The moment of truth. A video about the stem cell therapy that could help millions of people going blind.

“No matter how much one prepares, the first patient is always something very special.” That’s how Dr. Mark Humayun describes his feelings as he prepared to deliver a CIRM-funded stem cell therapy to help someone going blind from dry age-related macular degeneration (AMD).

Humayun, an ophthalmologist and stem cell researcher at USC, spent years developing this therapy and so it’s understandable that he might be a little nervous finally getting a chance to see if it works in people.

It’s quite a complicated procedure, involving turning embryonic stem cells into the kind of cells that are destroyed by AMD, placing those cells onto a specially developed synthetic scaffold and then surgically implanting the cells and scaffold onto the back of the eye.

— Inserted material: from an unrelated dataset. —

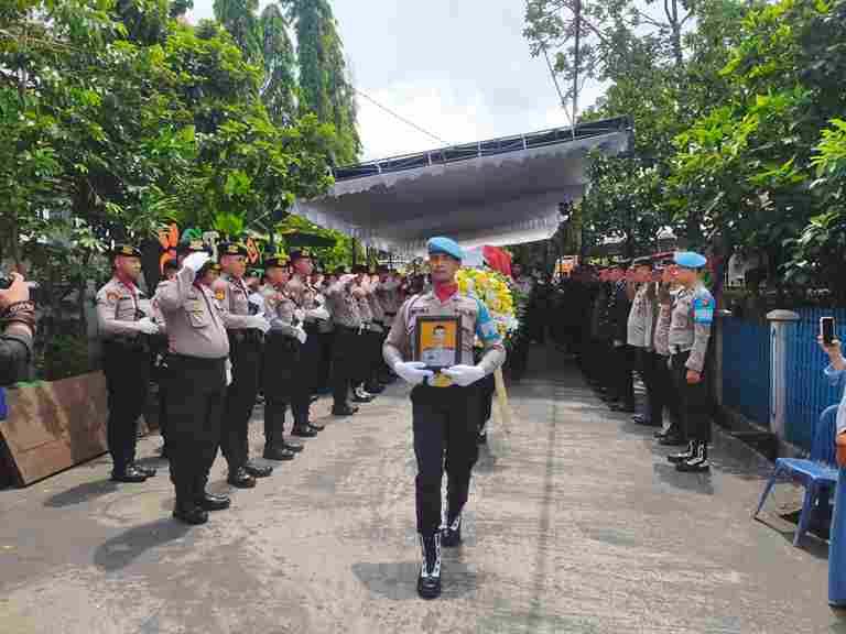 almarhum yang dimulai pembacaan riwayat hidup singkat almarhum selama berdinas di Kepolisian dan selanjutnya pelepasan jenazah dari rumah duka oleh keluarga kepada Institusi Polri dan jenazah dibawa ke tempat pemakaman dengan pengawalan petugas kepolisian.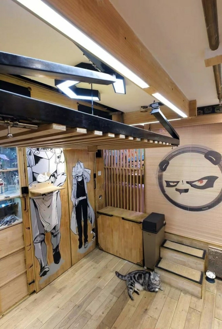 卧室设计暗藏专业投影幕布,一键开启家庭影院模式,同时兼顾隔温遮光;楼下的客厅则是真正的“全能娱乐中心”:能在麻将室、K歌房与沉浸式电竞房之间自由切换……房子里住着“豆丁92”和他的女朋友,还喂了两只猫、三条鱼。

There’s a real need for a treatment for AMD, the leading cause of vision loss in the US. Right now, there is no effective therapy for AMD and some three million Americans are facing the prospect of losing their eyesight.

The first, preliminary, results of this trial were released last week and they were encouraging. You can read about them on our blog.

Thanks to USC you can also see the team that developed and executed this promising approach. They created a video capturing the moment the team were finally taking all that hard work and delivering it where it matters, to the patient.

Watching the video it’s hard not to think you are watching a piece of history, something that has the potential to do more than just offer hope to people losing their vision, it has the potential to stop and even reverse that process.

The video is a salute to the researchers who developed the therapy, and the doctors, nurses and Operating Room team who delivered it. It’s also a salute to the person lying down, the patient who volunteered to be the first to try this. Everyone in that room is a pioneer.